Could you write out, exactly as they stand, only the lines in the listing below from the line with "VI. / Emilie." to the line with "De hecho, con", both ends included, without the pictures?

* EXTRACTED ENTRIES
----

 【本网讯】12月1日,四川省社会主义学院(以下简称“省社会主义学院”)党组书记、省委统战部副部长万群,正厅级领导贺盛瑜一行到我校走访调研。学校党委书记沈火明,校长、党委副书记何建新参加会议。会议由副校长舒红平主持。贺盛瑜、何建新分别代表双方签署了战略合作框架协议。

----

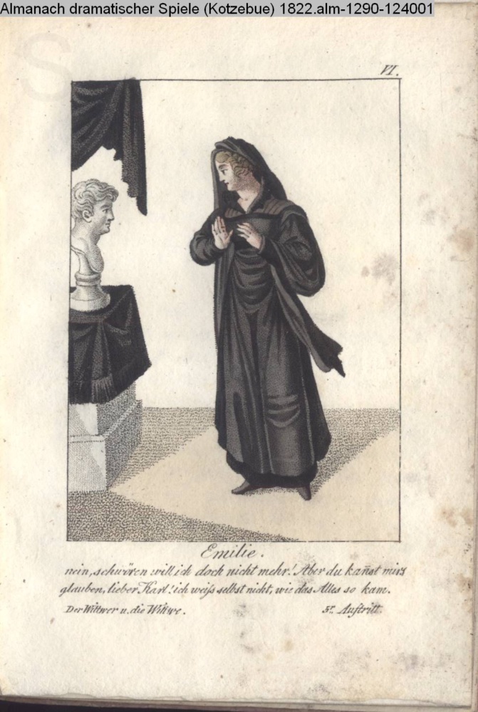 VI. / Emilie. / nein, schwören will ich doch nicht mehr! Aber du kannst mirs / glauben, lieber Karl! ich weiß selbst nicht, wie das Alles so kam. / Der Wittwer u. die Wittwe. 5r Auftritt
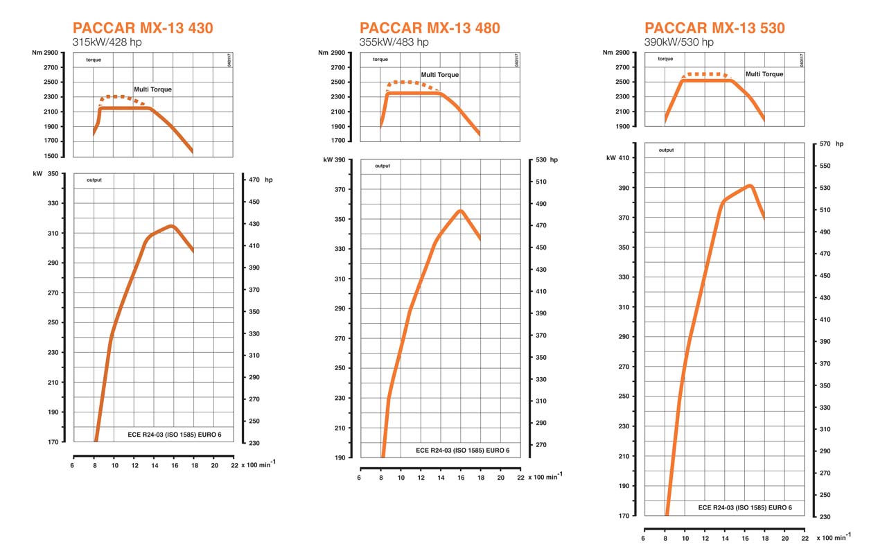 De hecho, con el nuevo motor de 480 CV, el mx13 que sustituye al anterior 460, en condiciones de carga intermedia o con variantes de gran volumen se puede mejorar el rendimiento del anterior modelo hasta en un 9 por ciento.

----

* RESULT OF THIS TASK
 VI. / Emilie. / nein, schwören will ich doch nicht mehr! Aber du kannst mirs / glauben, lieber Karl! ich weiß selbst nicht, wie das Alles so kam. / Der Wittwer u. die Wittwe. 5r Auftritt
 De hecho, con el nuevo motor de 480 CV, el mx13 que sustituye al anterior 460, en condiciones de carga intermedia o con variantes de gran volumen se puede mejorar el rendimiento del anterior modelo hasta en un 9 por ciento.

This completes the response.